En juin 2017, le ministère de l’Agriculture chinois autorisait à la mise sur le marché deux nouvelles plantes transgéniques pour une période de trois ans [1] : le maïs Enlist de Dow AgroSciences (évènement transgénique DAS 40278 pour une tolérance aux herbicides à base de 2,4-D) et le soja Vistive de Monsanto (évènement transgénique MON87705 pour une tolérance aux herbicides à base de glyphosate et une composition en acides gras modifiée). Le même jour, 14 autorisations étaient renouvelées dont celle pour le maïs MIR162 de Syngenta [2].
Ces décisions d’autorisations font suite à un accord d’entente commerciale signé en mai entre les États-Unis et la Chine, qui concernait l’agriculture, la finance, l’énergie et les investissements [3]. Selon cet accord, la Chine s’engageait à rendre rapidement une décision sur huit demandes d’autorisations en cours.
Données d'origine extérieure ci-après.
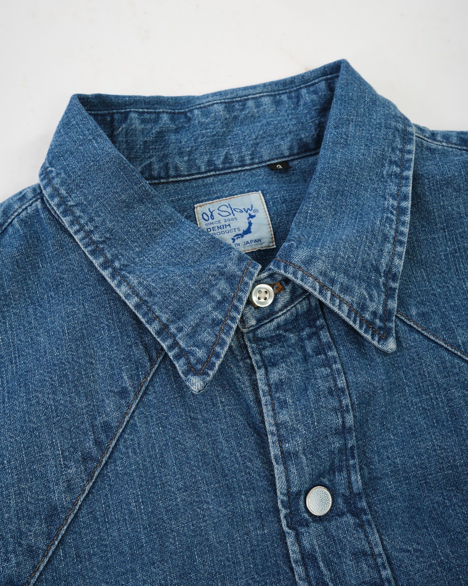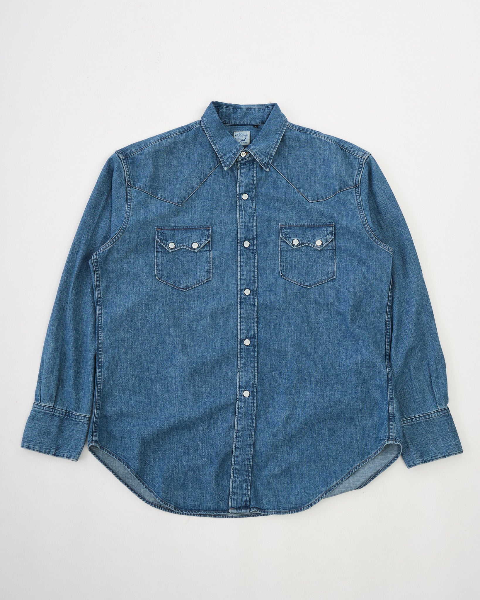 Das orSlow DENIM WESTERN SHIRT verbindet klassische Western-Ästhetik mit akribischer japanischer Handwerkskunst. Hergestellt aus hochwertigem japanischem Denim, bietet dieses Hemd Langlebigkeit und ein angenehmes Tragegefühl. Die Used Wash-Veredelung verleiht ihm ein natürlich getragenes Aussehen und fügt dem zeitlosen Design einen Vintage-Charakter hinzu. Mit einer regulären Passform gewährleistet es Bewegungsfreiheit für den täglichen Gebrauch. Authentische Western-Details wie Druckknopfverschlüsse, spitze Passe und doppelte Brusttaschen verstärken seinen klassischen Reiz. Zusätzliche Merkmale sind Druckknopfmanschetten, verstärkte Nähte und ein gebogener Saum für eine ausgewogene Silhouette. Dezentes orSlow Branding fügt eine unaufdringliche Note hinzu. Stolz in Japan hergestellt, verkörpert dieses Hemd orSlows Hingabe an Qualität und an das von Erbe inspirierte Design.

Six sont donc encore attendues.

350 tonnes de luzerne GM renvoyées

D’après le journal chinois Global Times [4], la Chine a renvoyé, en août 2017, 350 tonnes de luzerne importées des États-Unis au motif que la luzerne était génétiquement modifiée (GM). Et ce alors qu’elle n’avait pas été déclarée GM aux services des douanes chinoises selon ce même article du Global Times. Contactée par Inf’OGM, l’Alliance nationale étasunienne pour la luzerne et la luzerne fourragère n’a pas encore répondu à nos questions sur cette information. Mais en janvier 2017, le ministère étasunien de l’Agriculture rappelait que la luzerne « souffrait de perturbations commerciales liées aux biotechnologies » [5]...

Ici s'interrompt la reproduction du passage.